Amtrak was awarded up to $93.6 million in federal grants in December for the project and is in line for another $40 million for Union Station in the federal budget. Still, in an earlier 2022 grant application, Amtrak sought $251 million for the project, which at the time was expected to cover more than half the cost of construction.

Magliari said the estimated costs at that time included track construction outside the station intended to shorten the running time of some trains and reshuffle the tracks on which they run. The passenger rail service is seeking more money for work both at Union Station and for the tracks connecting to it, Magliari said. He declined to specify how much more funding could be needed for the station, saying the total cost will depend on the design work that is underway.

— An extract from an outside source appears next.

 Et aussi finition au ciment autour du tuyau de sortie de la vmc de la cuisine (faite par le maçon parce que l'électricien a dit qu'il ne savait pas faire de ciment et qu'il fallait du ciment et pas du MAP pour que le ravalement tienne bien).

One piece of the project is intended to free up space in the concourses. Old ticket windows that are no longer used have been covered over with drywall, which could be torn down and gutted to create more room for passengers to move about the station, Magliari said. Escalators are also an area of focus, and can be improved to accommodate more passengers, he said.

Much of the station design dates back to the 1991 overhaul of the station. Mark Walbrun, who oversaw that project for Amtrak, said the renovation was only intended to create enough capacity at the station for the next 15 years.

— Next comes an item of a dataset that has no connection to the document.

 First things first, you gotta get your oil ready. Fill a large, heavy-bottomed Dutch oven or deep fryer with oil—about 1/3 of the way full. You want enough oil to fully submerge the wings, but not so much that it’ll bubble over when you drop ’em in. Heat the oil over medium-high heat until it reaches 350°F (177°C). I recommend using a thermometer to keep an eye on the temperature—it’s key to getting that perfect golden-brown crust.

At the time, Amtrak was running out of room for passengers at Union Station, and Metra, still a relatively new service, was trying to shoehorn its operations into facilities that had been designed for multiple different passenger railroads, Walbrun said. The concourses were peppered with columns needed to support the building that had been constructed above.

The 1991 renovation left what is now the Great Hall largely without a designated purpose, and relatively disconnected from the concourses and train operations to the east. At the time a marketplace was planned for the space, but it never materialized, Walbrun said.

The newest project won’t be without challenges, he said. The columns supporting the building above remain obstacles, and utilities and elevator shafts lurk behind drywall and will need to be addressed to create some of the open spaces Amtrak envisions.

But the station is well beyond the intended 15-year lifespan of the last renovation, Walbrun said. When trains are delayed or canceled, there are few places that can accommodate waiting passengers. Waiting areas closer to the train gates are needed, and limited capacity on the station’s escalators is particularly an issue, he said.

“It’s basically a space situation,” he said. “Particularly in the eastern side of the station.”